*** Opening of Data below ***

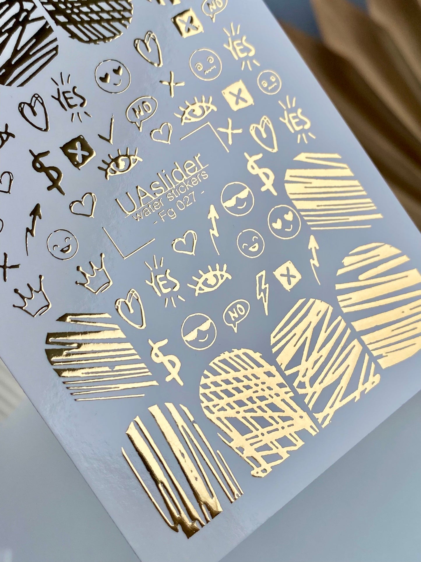 Nálepky na nehty Fg-027 | Abstraktní vodní nálepky na nehty se zlatou fólií | Plné textury nehtů a zábavné ikonyFg_027
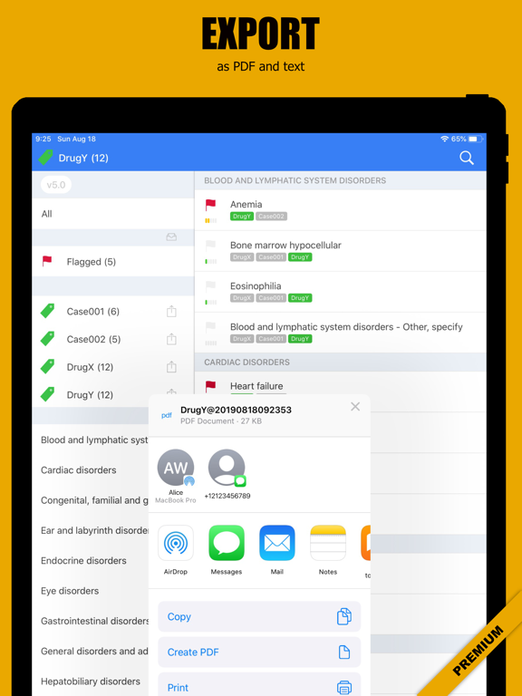 Report the tagged items through AirPrint, PDF export, Text export, and QR codes.
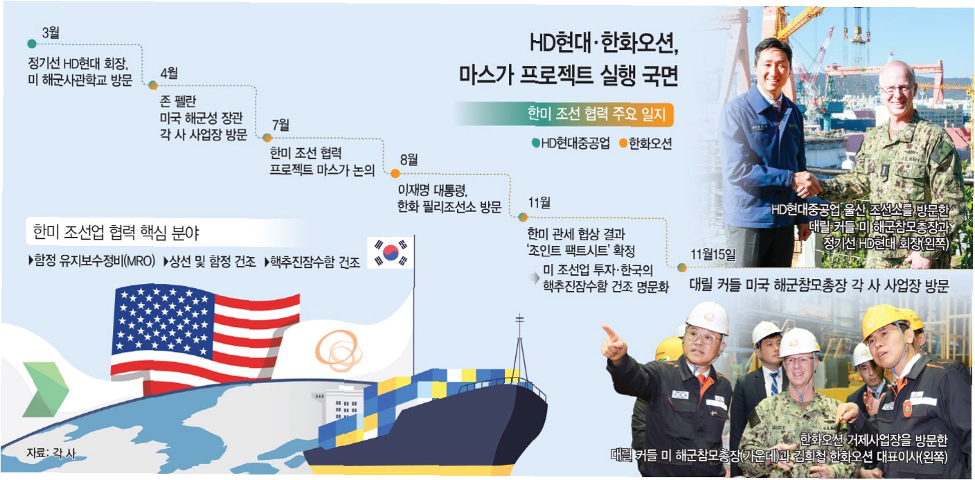 해외 투자도 병행됩니다. HD현대는 미국계 투자사 서버러스캐피털 등과 함께 50억 달러(한화 약 7조3000억원) 규모의 마스가 펀드 조성을 추진 중입니다. 또 미국 조선소 인수·업그레이드, 조선 기자재 공급망 확충 등도 검토하고 있습니다. 미국 방산 조선소 헌팅턴잉글스와는 차세대 군수지원함 공동 건조, AI 방산기업 안두릴과는 무인함정 협력 논의가 이어지고 있습니다.
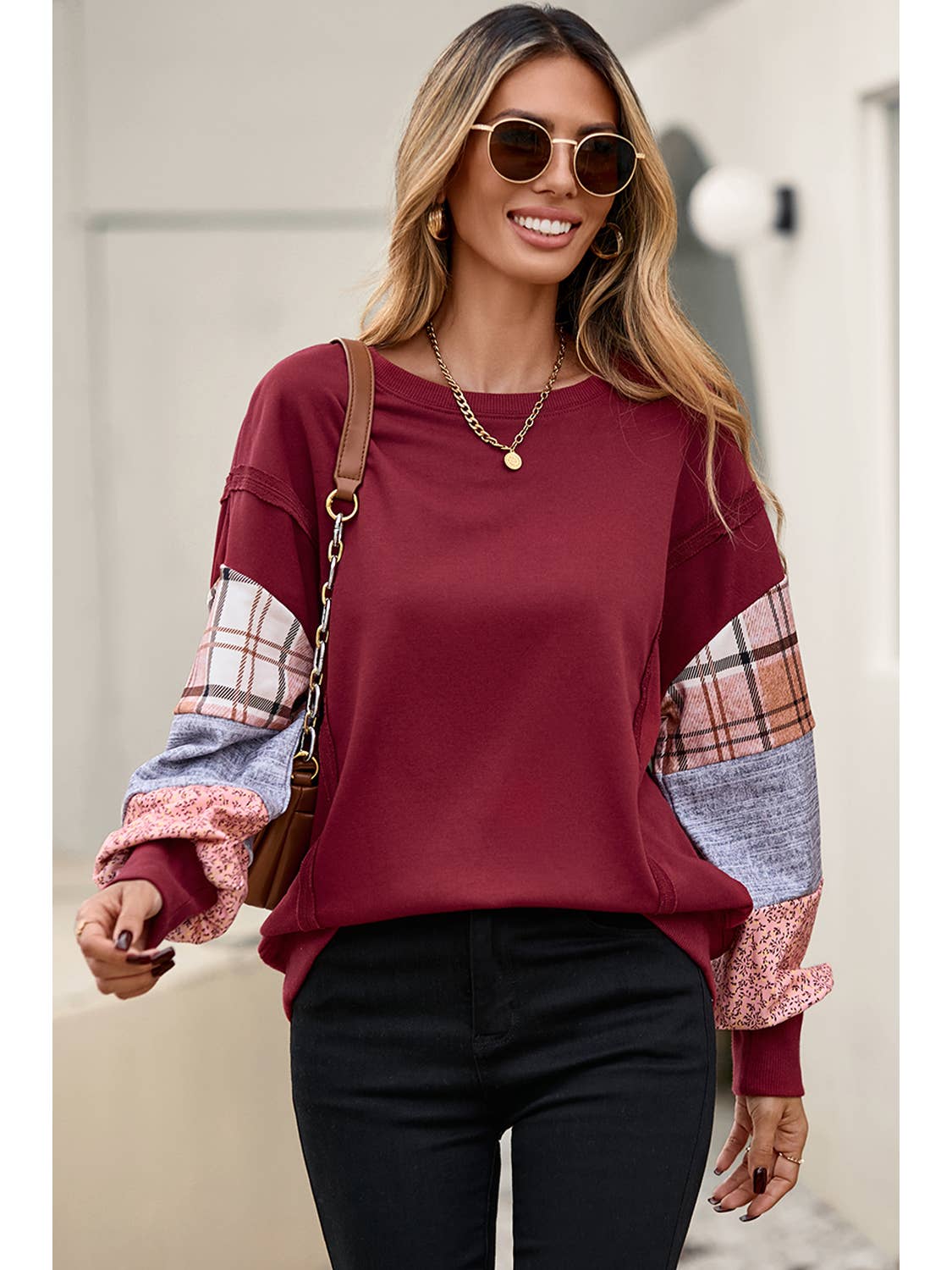 Stay cozy and cool this fall with our bold plaid patchwork sweatshirt. Featuring raw seam details and a relaxed fit with drop shoulders, it brings edgy street style to your everyday look. Made from soft, warm fabric, it’s perfect for all-day comfort. Pair it with your favorite jeans for an effortless, casual vibe that’s ready to rock the season!

*** Close of Data below ***

#### [To do]
Please give back exactly, and with no pictures, the lines from where the listing above begins through the line containing "Report the tagged".

#### [Answer section]
 Nálepky na nehty Fg-027 | Abstraktní vodní nálepky na nehty se zlatou fólií | Plné textury nehtů a zábavné ikonyFg_027
 Report the tagged items through AirPrint, PDF export, Text export, and QR codes.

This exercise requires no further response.